Man refuses to walk sister down the aisle; 'I know dad is gone, but you disrespected my wife!' AITA? MAJOR UPDATE

When this man is disgusted with his sister's behavior leading up to her wedding, he asks the internet:

"AITA for refusing the opportunity to walk my sister down the aisle after what she did to my wife?"

My father passed away when I (m26) was 22 and my sister (f29) was 25. With this in mind, my sister, after getting engaged, asked me if I would do the honor of walking her down the aisle. At first I was elated and so I enthusiastically agreed. Then things quickly changed after my sister realized that my wife was pregnant.

In the proceeding months my sister made my wife's life hell (who initially had been one of her bridesmaids, but was relatively recently informed that she will not be one). Originally it was fine but as my wife's pregnancy became visible, my sister would at times taunt her and make rude comments towards her.

During her bachelorette party (just a few days ago), she even yelled at her because she was ruining her fun by being too distracting and "not-drinking" (I kid you not). The ensuing onslaught resulted in my wife being removed as one of her bridesmaids.

She even left my PREGNANT wife on the side of the road as my sister made her way to a party planned, in part, by my wife and in a limosine paid for by me.
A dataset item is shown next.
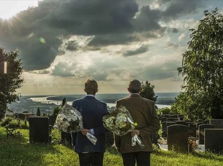 然后老易来到墓地献花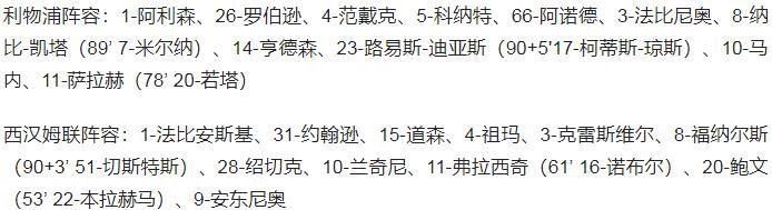 利物浦首发: 1-阿利森;66-阿诺德、32-马蒂普、4-范迪克、26-罗伯逊;3-法比尼奥、14-亨德森、15-张伯伦、;10-马内、11-萨拉赫、20-若塔

This coupled with the fact that she had asked me recently to ask my wife to stay at home, "because her pregnancy will take attention away from her on her special day", just broke me.

I called her up yesterday, after I found out what she said to my wife, and I told her that I will not be attending the wedding and that she will have to find someone else to walk her down the aisle.

That's when the calls began. Everyone has been calling me, telling me that I am overreacting and that I am intentionally trying to sabotage her wedding. She even called to yell at me, and told me she had always hated "that b" while referring to my wife. I told her to f off ofc.

My mother has been extremely sympathetic towards my wife and she agrees with me. My wife has been crying over this and she has herself received an onslaught of messages.

I blocked all my relatives (except my mother ofc) and am planning a trip to Disneyland for my wife and I on the day of my sister's wedding (as I already booked the days off from work and Disney is where my wife and I went on our first date, when we lived in LA). This news has started its own onslaught. Nevertheless AITA?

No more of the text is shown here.